When I bought 1986's Little Shop of Horrors on DVD at Wal-Mart, Dave the cashier commented, "Great movie." He's not wrong. Little Shop of Horrors is a musical horror comedy. How often do you see that combination? Not often enough!


Directed by Yoda puppeteer Frank Oz, Little Shop of Horrors is a screen version of the 1980 off-Broadway musical, which was inspired by the 1960 Roger Corman B movie. In true low-budget horror tradition, Corman's film was shot in two days and a night! The 1986 version stars Rick Moranis and Ellen Greene, who reprises her role from the off-Broadway play. She squeaks her dialog, making her singing more dynamic. Vincent Gardenia plays Gravis Mushnik, the owner of the little shop in question. According to Internet Movie Database, "Vincent Gardenia insisted that he was chosen as Musnick 'because Frank Oz liked my name.'" (Because a gardenia is a flower.

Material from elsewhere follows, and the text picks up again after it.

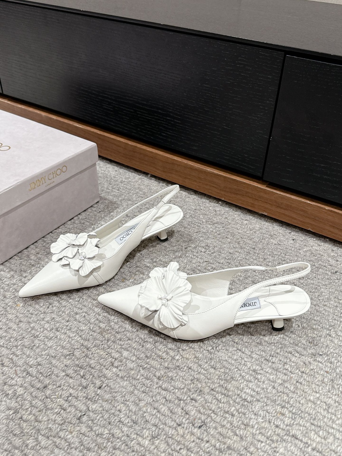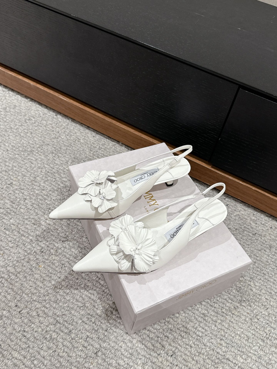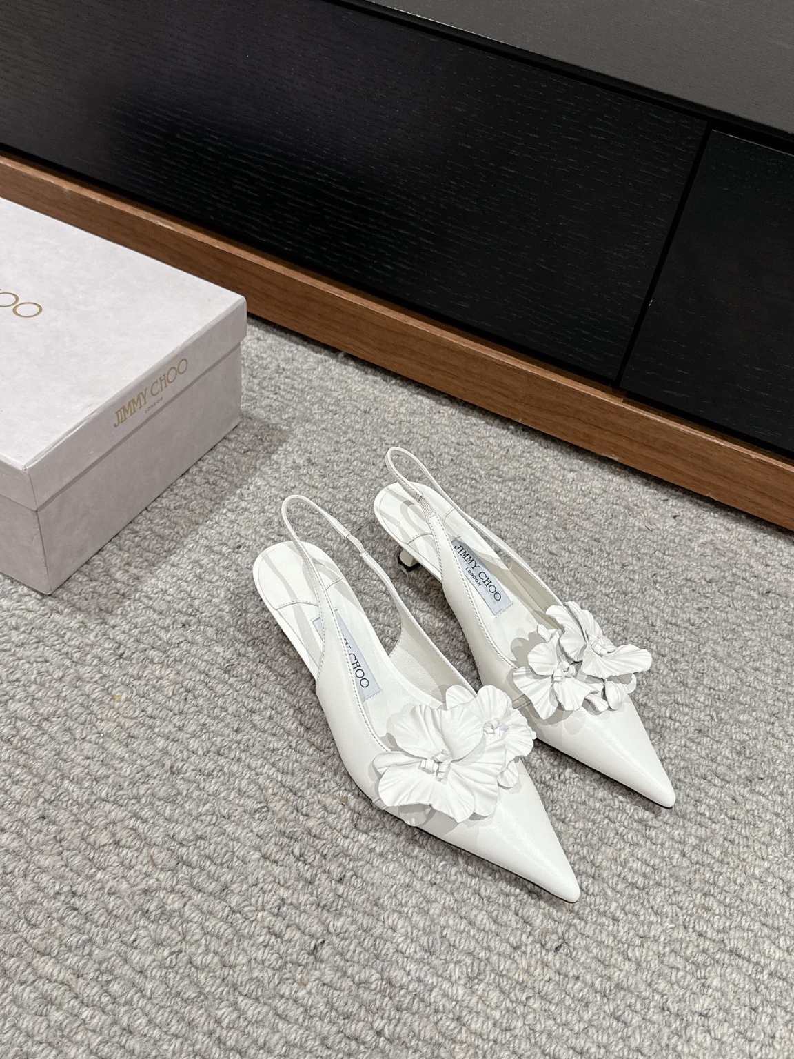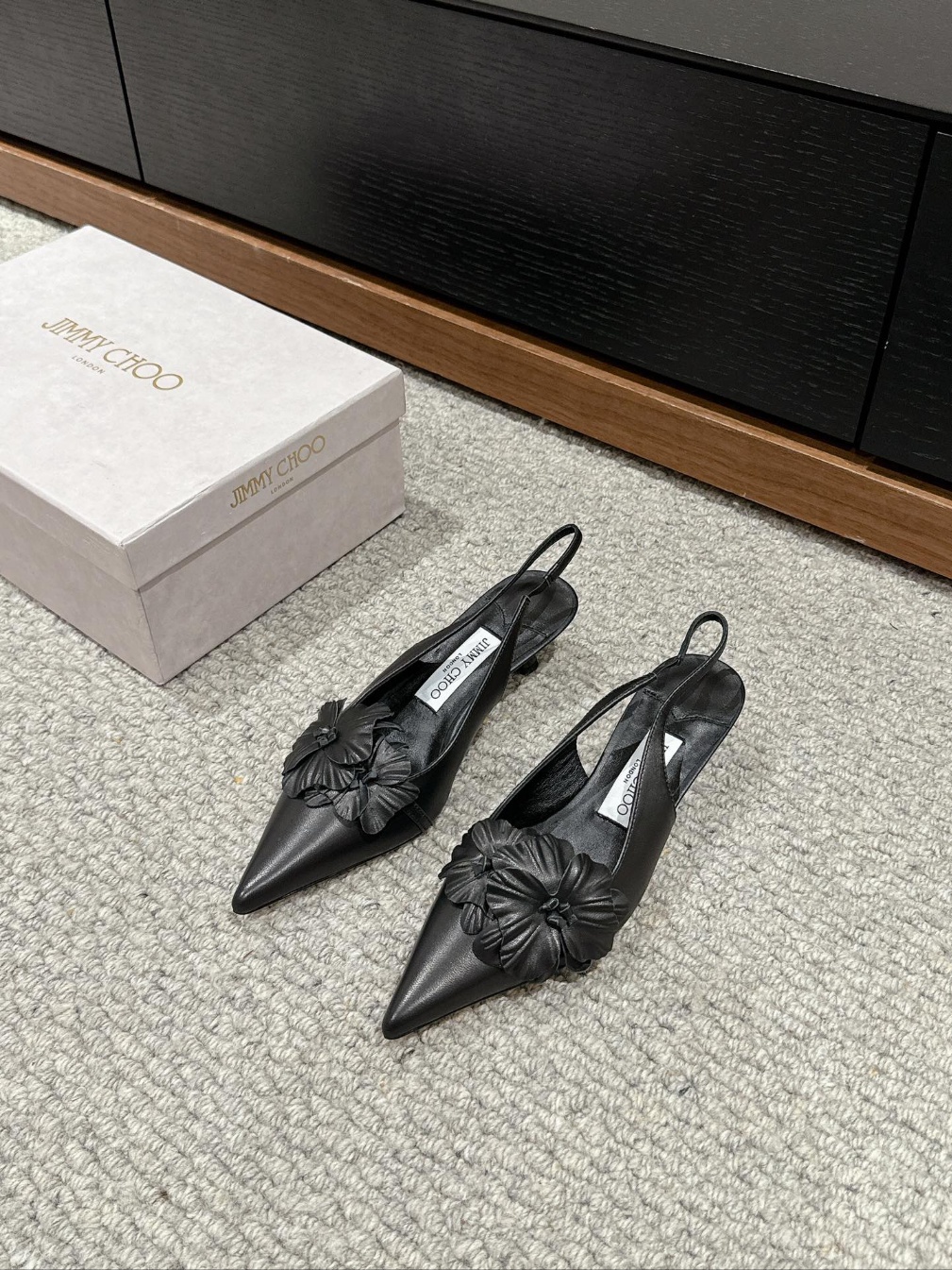 지미추 JC 24ss 봄여름 신상 스틸레토 플라워 샌들 최고급 버전 겉감: 수입 스웨이드 안감: 발바닥 혼용 무스탕 이태리 가죽 통굽 굽: 4.5cm

It took me two days to make that connection.)


Mushnick's Flower Shop is on hard times, and that's saying something considering it's on Skid Row. (Why is a specialty shop located in the ghetto? The rent must be cheap.) But customers flood the store when Seymour (Moranis), one of Mr. Mushnick's employees, displays a weird plant in the window. The vegetation appeared mysteriously at Seymour's favorite Chinese flower shop, following a solar eclipse. It would be an ill-spent $1.75.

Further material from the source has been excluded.